ALL tools or thinking is grounding wire behavior around standardization. If this isn’t created,

shared, and known as the current best-known method then I challenge you to tell me how any

tool you can think of will be success if you truly want to measure success of our JOB. So many

of the tools fail because no one knows why or the importance of it much less that it can help

them – 5S fits that category well. 90% of most 5S implementations do not sustain (it is

standardization 101 in all honesty), it was the glue that held everything together at Toyota

believe it or not.
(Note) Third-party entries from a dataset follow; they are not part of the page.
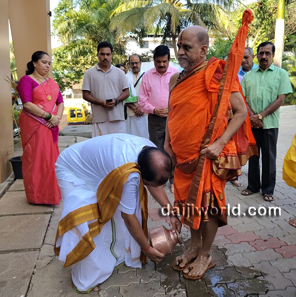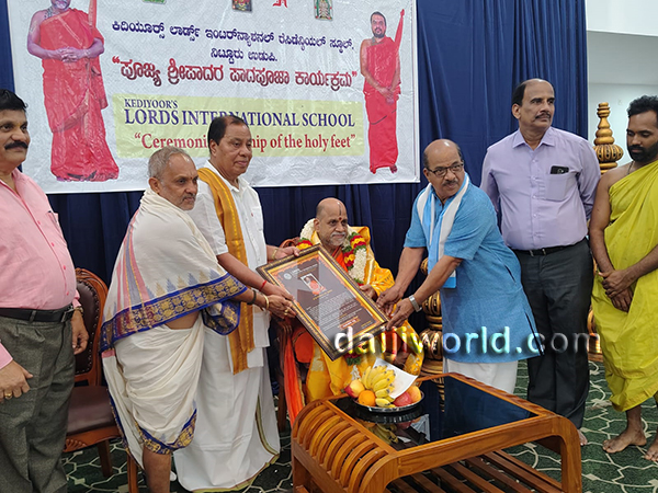 Udupi, Jan 26: Sri Sugunendra Teertha Swamiji of Puttige Math visited Kediyoor’s Lords International Residential School, Nittoor, Udupi, on January 23. On this occasion, the school management performed Paada Pooja and felicitated him.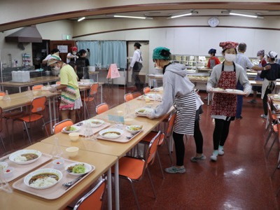 夕食の前に、各部屋の食事係が配膳をしました。
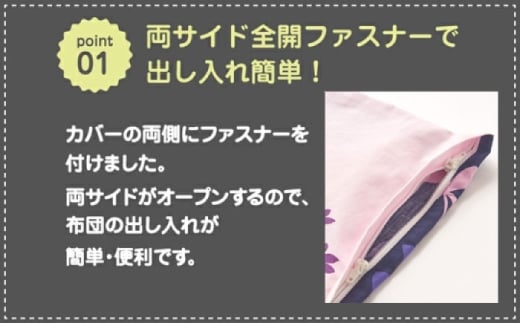 8ヶ所ホック使用でズレにくく、取り付けしやすい両サイドファスナー仕様です。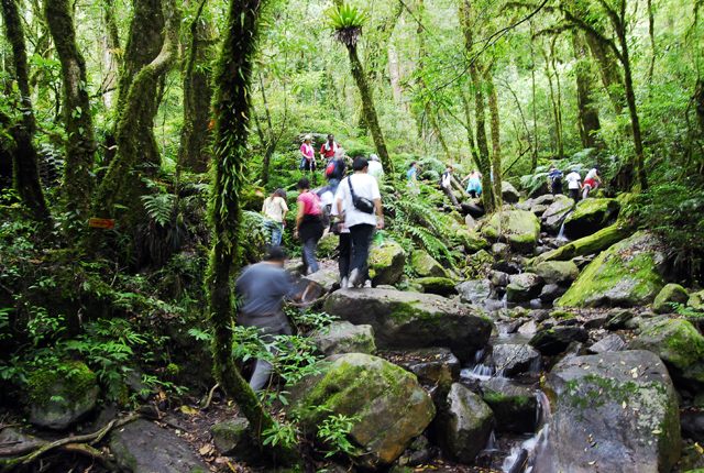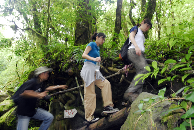 早上整個雅竹園餐廳幾乎爆滿,吃飽的人就慢慢上路,人龍絡繹不絕。跟我最初想像清幽的山林之旅有些出入。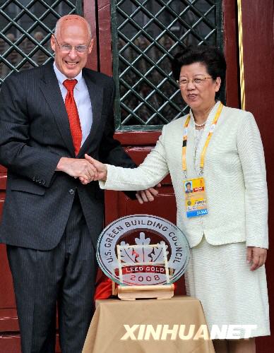 新華網(wǎng)北京8月13日奧運(yùn)專電(記者汪涌)美國(guó)財(cái)政部長(zhǎng)保爾森13日專程來(lái)到北京奧運(yùn)村,代表美國(guó)綠色建筑協(xié)會(huì)為北京奧運(yùn)村頒發(fā)綠色環(huán)保金獎(jiǎng)“能源與環(huán)境設(shè)計(jì)先鋒金獎(jiǎng)”。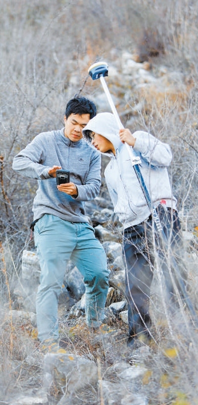 北京聯(lián)合大學(xué)地理學(xué)碩士研究生在北京房山區(qū)穆家口古城址四普現(xiàn)場測量文物地理坐標(biāo)。

Not just the tool, but the people “living” the tool knew why they were doing it

and without it chaos occurred. Someone actually stopped and explained the JOB around 5S –
Sifting, Sorting, Sweeping, Standardizing and Sustaining. It’s so basic no one wants to do it,

because keeping something in order doesn’t “sound” like it has a great ROI to it, but quite the

opposite if you know your JOB.

If we all take a little time to realize that implementing “something” is often the countermeasure

to some problem that you are having, that if you haven’t frame what is the current state and what

that “something” is counter-measuring, then it becomes a reactivity festival each day and that

conditioned norm is difficult to break, if we aren’t willing to stop or slow down to go faster. In

their minds at that moment – they can’t, the result trumps the process unfortunately. So I hope

by realizing all the labels and terms that have been created today boil down to JOB(s) – Just our

behaviors we “choose” to put priority on in regard to people and their personal and professional

development, you invest in their JOB and that is a return no one can say isn’t worth it – as

Sakichi Toyoda said – “Before you say you can’t do anything – TRY IT.” As Tracey would like

to say, “Let’s just all do our JOB effectively!”